A plot of average MANKIN versus average OARSI system among 4 graders showed a strong monotonic relationship between the two scoring systems [reflective of the Spearman rho value near 1], which is roughly linear (Fig. 6).

Fig. 6.

Fig. 6

Summary plot of average MANKIN versus average OARSI system: Summary plot comprising 95% confidence ellipse, and marginal histograms of the frequency distribution. The graph shows a strong monotonic relationship between the two scoring systems, reflective of the Spearman rho value of 0.96, The relationship is roughly, but not perfectly, linear: Given a particular MANKIN [or OARSI] score, there is a fair amount of scatter around the corresponding OARSI [or MANKIN] scores. The marginal MANKIN and OARSI system distributions are rather flat.

Level of experience

We hypothesized that the level of experience could be an important factor in inter- and intra-observer variability. In our study, all graders were familiar with the analysis of articular cartilage for at least more than 5 years yet with a different level of experience for both systems as well as for different species.

From examination of the LOA tables (Tables 5, 7), observers A and C, on average, scored slightly less OA severity than observers B and D on both scales, with comparable levels of variability. Observer E scored slides at significantly lower severity than the other raters: on average, discrepancies were 1 to 1.5 for the MANKIN system total scores, and 2 to 3 with OARSI system total scores; and, LOA were typically twice the widths of all other pairwise comparisons. Observers E’s high level of variability was also reflected in reduced ICC values, and increased widths of LOA intervals, relative to the other observers.

Discussion

Standardized histological scoring systems for cartilage are needed to assess the severity of degradation in human tissues and experimental models. The MANKIN system proposed by Mankin in 1971 is the most widely used system yet has several limitations [9, 10, 12]. To overcome these limitations, the OARSI system Working Group postulated five principles for an ideal cartilage histopathology system: simplicity, utility, scalability, extensibility and comparability. In, 2006 the Osteoarthritis Cartilage Histopathology Assessment System (OARSI system) was published [13]. Thus far, the MANKIN system continues to be the most widely used system, with modifications across different studies [24]. As a consequence, studies with animal models are difficult to compare because of the varied assessment systems employed [20]. On the other hand, the OARSI system has not yet been widely implemented, in part because of the historical bias towards the MANKIN system, and in part because it has not yet been sufficiently validated.

Three studies compared the MANKIN and OARSI systems. The observers were experienced with the MANKIN, but were new to the OARSI system [12, 14, 15]. In the study using goats, cartilage sections were collected from four animals that developed cartilage damage on the femoral condyle due to articulation with a chromium-cobalt implant on the tibial plateau. While both MANKIN and OARSI systems were equally reproducible, the OARSI system was more reliable. Observer experience appeared less important when using the OARSI system but the value of its staging component was difficult to determine [12]. In the study by Pearson et al., on ten human knee OA specimens, both systems proved reliable, reproducible, and exhibited similar variability [14]. Rout et. al. performed a study on sixteen cases undergoing unicompartmental knee arthroplasty and concluded that both the modified MANKIN and OARSI system are useful for histological grading, although the OARSI system was easier and quicker to use [15]. While these studies provide helpful information on the relative utility of the two systems in severe or end-stage cartilage degradation, validation on a broad range of severities remained to be performed. To address this, the present study used an extensive collection of human knee joints across the entire adult age spectrum at all stages of OA severity.

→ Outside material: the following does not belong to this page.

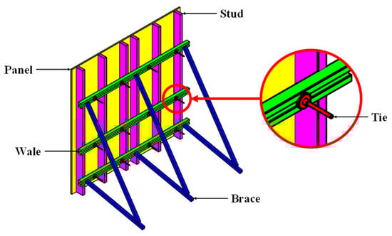 Overall, many dimensional quality inspections in construction projects have been beneficially explored with 3D point cloud data. However, the spacing measurement of formwork system members has received little attention. Formwork systems are different from the previously studied objects mentioned above (e.g., reinforcing bars, concrete slabs, steel columns, scaffolding platforms). There are specific force transfer features, material properties, and design standards for the formwork system, and it has unique members and layouts. A typical formwork system is composed of panels, studs, wales, ties, and braces that are installed following a fixed relative position order (Figure 1), which makes it difficult for previous studies to be applied to such members and layouts. Therefore, a specific methodology for the spacing measurement of formwork system members using 3D point cloud data needs to be developed. In particular, considering the purpose of enhancing the automation of the spacing measurement of formwork system members, it is essential and meaningful to conduct a specialized study for the segmentation, identification, and recognition of members according to the characteristics of the formwork system.

This study is the first comparison of the OARSI and MANKIN systems using a large number of human knee joints including a selection of donors representing all stages of OA severity. For each knee, a standard topographic sampling for each joint compartment was used. Standardized histology preparation and staining of the sections was used to minimize technical variability.

Intra- and inter-observer variability, reproducibility and reliability

In our study, the inter-reader variability was good for both systems, with the ICC range for the total score of the MANKIN system slightly higher compared to the OARSI system. Among five readers both scoring systems appeared to be reliable and reproducible especially among four readers for all stages of OA and not only for normal and end-stage OA tissue as previously validated.

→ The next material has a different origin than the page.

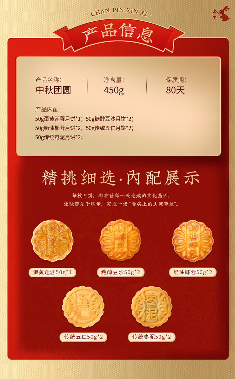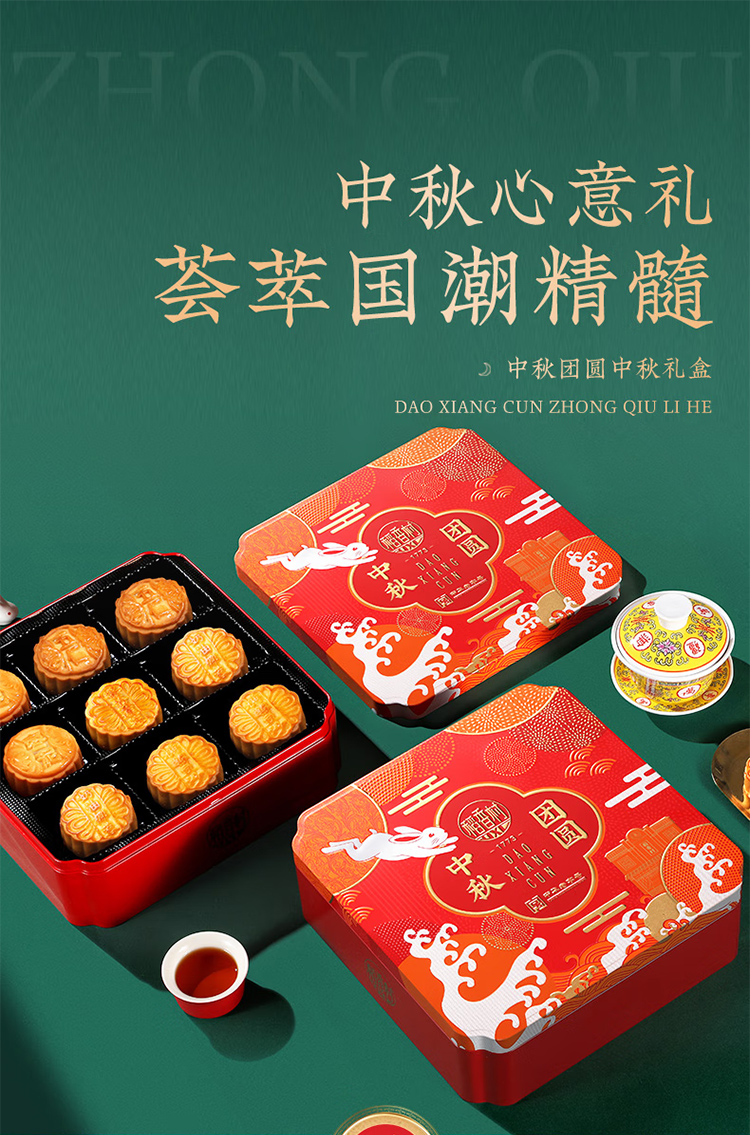 稻香村月饼礼盒蛋黄莲蓉云腿月饼玫瑰传统五仁中秋节商务送礼团购福利 稻香村中秋团圆450g【铁盒9饼5味】

There is no gold standard for either MANKIN or OARSI scoring. Nevertheless, our study does provide some guidelines for rater performance, relative to individuals undertaking MANKIN or OARSI scoring. We suggest that intra-rater intra-class correlations on MANKIN or OARSI scores should exceed 0.95, and inter-rater intra-class correlations should exceed 0.90, in representative samples. Or, in testing scenarios as undertaken here, about 95% of intra-rater differences on MANKIN scores should be within 2 units of each other, and 95% of inter-rater differences should be within 3 units of each other. With OARSI scores, about 95% of intra-rater differences should be within 1 unit of each other, and 95% of inter-rater differences should be within 2 units of each other.

It was reported that the OARSI system is easier and quicker to use, presumably because it requires assessment of fewer parameters as compared to the MANKIN system. However, the OARSI system appears more difficult to apply by inexperienced readers. Even experienced readers in this study did find the OARSI system more complex to use and there was less agreement especially in the staging parameter.

Detecting early histological changes

The OARSI system was designed to detect histological features prior to the recognition of overt clinical OA. None of the published validation approaches included samples with early OA changes [12, 14, 15]. Our data showed a high agreement level between the two systems in the overall scores and compartment scores. According to the OARSI system, cartilage matrix swelling is the earliest histologically detectable change, which in an extreme form would lead to cartilage hypertrophy. Edema in cartilage may reflect condensation of the collagen fibers in the superficial and/or upper mid zones or variation in matrix cationic staining [13]. We question how accurately this parameter can be recognized and whether it can be differentiated from artifacts due to processing. The approach towards detecting early changes depends on the type of study and question being addressed. Changes observed on Toluidine Blue or Safranin O stained sections are not quantitative indicators of proteoglycan depletion and may be at least to some extent reversible. On the other hand, macroscopic structural defects such as fibrillations and partial erosions are relatively late features that are preceded by molecular changes. In this regard, detection of changes in gene expression by in situ hybridization or in protein expression and degradation of matrix components by immunohistochemistry would be more sensitive and accurate. For example, immunohistochemistry for collagen type II and aggrecan helped to identify differences within the lowest histological grades of articular cartilage [21]. Although such markers are useful to detect early changes that precede manifestations on standard histology, such changes may also be reversible and not necessarily reflect OA initiation. However, this approach is more appropriate for a specific mechanistic study rather than as a routine assessment tool.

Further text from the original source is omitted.